He tried hard to be quiet with held breaths and easy steps, closing the ancient dungeon's doors with fretful fingers. Behind him, darkness stretched on, deep and silent. The air was moist, tepid, stank of old must and older blood. It was like standing in the closed mouth of a dead beast. Beyond the wan, sputtering circle of orange light only he could see, shadows waited with eager teeth.

He should not be here.

"What the fuck," he muttered under his breath, barely even a whisper, raking a hand through his hair, pulling too hard with the faint shake of skittish fingers.
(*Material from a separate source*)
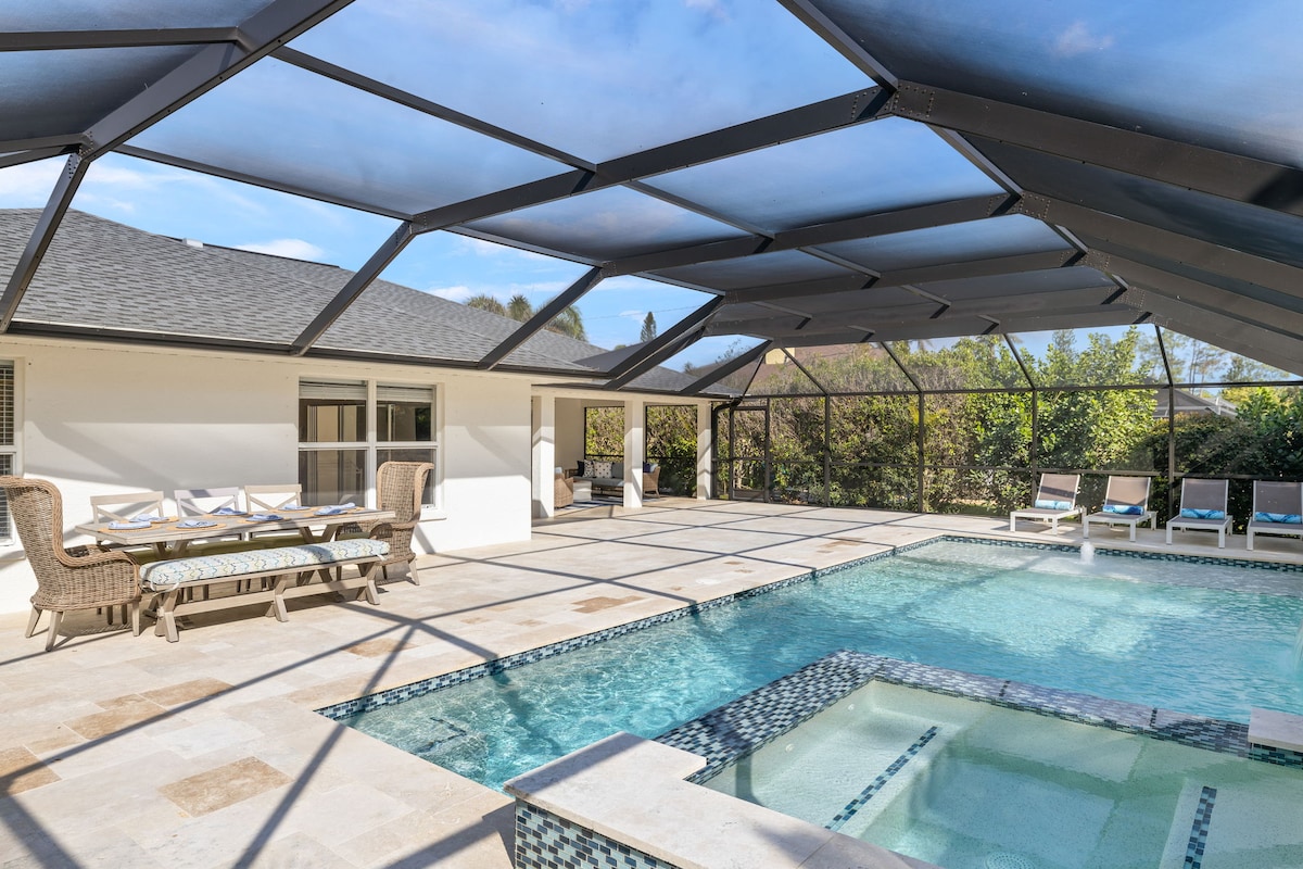 Step into the luxurious 2BR 2BA oasis in the heart of Bonita Springs, FL. It promises a relaxing retreat just a few minutes from the pristine Bonita Beach, restaurants, shops, exciting attractions, and natural landmarks. The stylish design and a rich amenity list will leave you in awe. ✔ 2 Comfortable Bedrooms ✔ Open Design Living ✔ Fully Equipped Kitchen ✔ Backyard (Pool, Hot Tub, Swim-Up Bar, BBQ) ✔ Lounge Pool House ✔ Workspace ✔ Smart TVs ✔ Wi-Fi ✔ Parking See more below!

He should not be here. He did not do this. He was Draco Lucius Malfoy, of an Ancient and Noble House. He was Heir to his family's name, its traditions, its honour. He was a Slytherin, for Merlin's sake. He should know better.

He told himself the same thing every time, and always came back after.

"Draco?" came a voice, breath-thin and dissonant in the obscurity. He clamped shattering teeth down on the urge to scream. "Draco, is that you?"

A sigh, deep and steadying. He shoved the Hand of Glory back inside his robes, groping for his wand instead.

"Lumos," he said, and a pale glow exploded from the tip of his wand, bright and startling in the heavy swathes of sticky darkness.

The corridor came into sharp focus, the weeping stone walls crawling with moss, the dirty floors with centuries worth of accumulated grime. In front of him and behind heavy bars, light caught on matted hair, straggly and streaked pale blonde.

Luna Lovegood smiled at him from her prison cell, and it was a delicate, airy thing. Draco swallowed down the heart in his throat, reminding himself of his family, his honour, his traditions. With a back made straight and the spite of a frightened child, he took two stately steps into the room.

"Hi," he breathed, lamely, and bit down on a vicious scowl. He forced his head into a stiff bow. "Miss Lovegood. How are you?"

She looked at him with liquid blue eyes jutting out from an emaciated face. The smile she gave was light, careless, utterly at odds with the delicate bones poking from her wrists, with the trickle of dry, flaking blood caking one of her cheeks. She blinked, made slow from long days in captivity, owlish.

(Bird-like.)

"I'm alright," she said thoughtfully, "although I'm afraid this place is thoroughly infested with Nargles."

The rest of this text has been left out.